I'm having a theoretical (non-deterministic, hard to test, never happened in practice) hardware issue reported by hardware vendor where double-word write to certain memory ranges may corrupt any future bus transfers.

While I don't have any double-word writes explicitly in C code, I'm worried the compiler is allowed (in current or future implementations) to coalesce multiple adjacent word assignments into a single double-word assignment.

The compiler is not allowed to reorder assignments of volatiles, but it is unclear (to me) whether coalescing counts as reordering. My gut says it is, but I've been corrected by language lawyers before!

Example:

typedef struct
{
   volatile unsigned reg0;
   volatile unsigned reg1;
} Module;

volatile Module* module = (volatile Module*)0xFF000000u;

// two word stores, or one double-word store?
module->reg0 = 1;
module->reg1 = 2;

(I'll ask my compiler vendor about this separately, but I'm curious what the canonical/community interpretation of the standard is.)

Theocracy answered 20/5, 2021 at 7:51 Comment(7)

#52187334 – Kaka 20/5, 2021 at 8:13

Have you checked the assembly generated by the compiler to see whether it is doing this? – Monet 20/5, 2021 at 8:57

If the memory is mapped as "cacheable" or "write-combinable" then it could be the MMU combining the two single-word writes into a double-word write. – Gloss 20/5, 2021 at 9:14

@EricPostpischil Working on it. Making scripts to filter out possible occurrences. Project build system is resisting :-( – Theocracy 20/5, 2021 at 10:49

@Kaka Now looking like it does in vendor API. – Theocracy 20/5, 2021 at 10:53

@IanAbbott Hardware vendor report explicitly states a list of instructions. Might be relevant for someone else though. Good point. – Theocracy 20/5, 2021 at 10:54

@EricPostpischil Checked. Compiler does not coalesce such writes. Although, I have not considered -lto... The project toolchain and build system is not very supportive for getting assembler after linking, so not gonna test any further. Will trust in community consensus and vendor support channels that it won't happen. – Theocracy 21/5, 2021 at 9:4

The behavior of volatile seems to be up to the implementation, partly because of a curious sentence which says: "What constitutes an access to an object that has volatile-qualified type is implementation-defined".

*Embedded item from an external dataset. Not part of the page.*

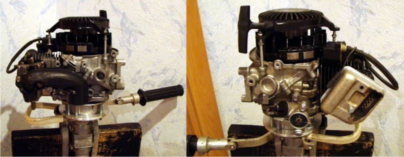 На картере гордая надпись Honda. Видно проставку карбюратора, двухслойная - металл и полимер. Если ее убрать, то можно карб повернуть на 90гр и поставить двиг вертикально(унификация запчастей.) Справа расоловиненный мотор(по диагонали - хондовская примочка)

In ISO C 99, section 5.1.2.3, there is also:

3 In the abstract machine, all expressions are evaluated as specified by the semantics. An actual implementation need not evaluate part of an expression if it can deduce that its value is not used and that no needed side effects are produced (including any caused by calling a function or accessing a volatile object).

So although requirements are given that a volatile object must be treated in accordance with the abstract semantics (i.e not optimized), curiously, the abstract semantics itself allows for the elimination of dead code and data flows, which are examples of optimizations!

I'm afraid that to know what volatile will and will not do, you have to go by your compiler's documentation.

Dishonesty answered 21/5, 2021 at 22:24 Comment(2)

Made me look deeper into vendor docs. Found this in section describing implementation defined behavior: "What constitutes an access to an object that has volatile-qualified type (6.7.3)." - Any reference to an object with volatile type results in an access. The order in which volatile objects are accessed is defined by the order expressed in the source code. References to non-volatile objects are scheduled in arbitrary order, within the constraints given by dependencies. (Followed by a paragraph on how passing a flag to the compiler makes any volatile access a memory barrier!) – Theocracy 25/5, 2021 at 7:51

@Theocracy About the original question: if you have a program which depends on writes to that structure not being coalesced, it is unlikely you are working in the realm of portable ISO C. On the other hand, there are a couple of required uses of volatile in strictly conforming programs: use of volatile sig_atomic_t in an asynchronous signal handler,and using volatile on the local variables of a function which are modified between context being saved with setjmp and restored with longjmp. As far as standard C is concerned, we can regard volatile as existing for those situations. – Dishonesty 25/5, 2021 at 8:24

No, the compiler is absolutely not allowed to optimize those two writes into a single double word write. It's kind of hard to quote the standard since the part regarding optimizations and side effects is so fuzzily written. The relevant parts are found in C17 5.1.2.3:

The semantic descriptions in this International Standard describe the behavior of an abstract machine in which issues of optimization are irrelevant.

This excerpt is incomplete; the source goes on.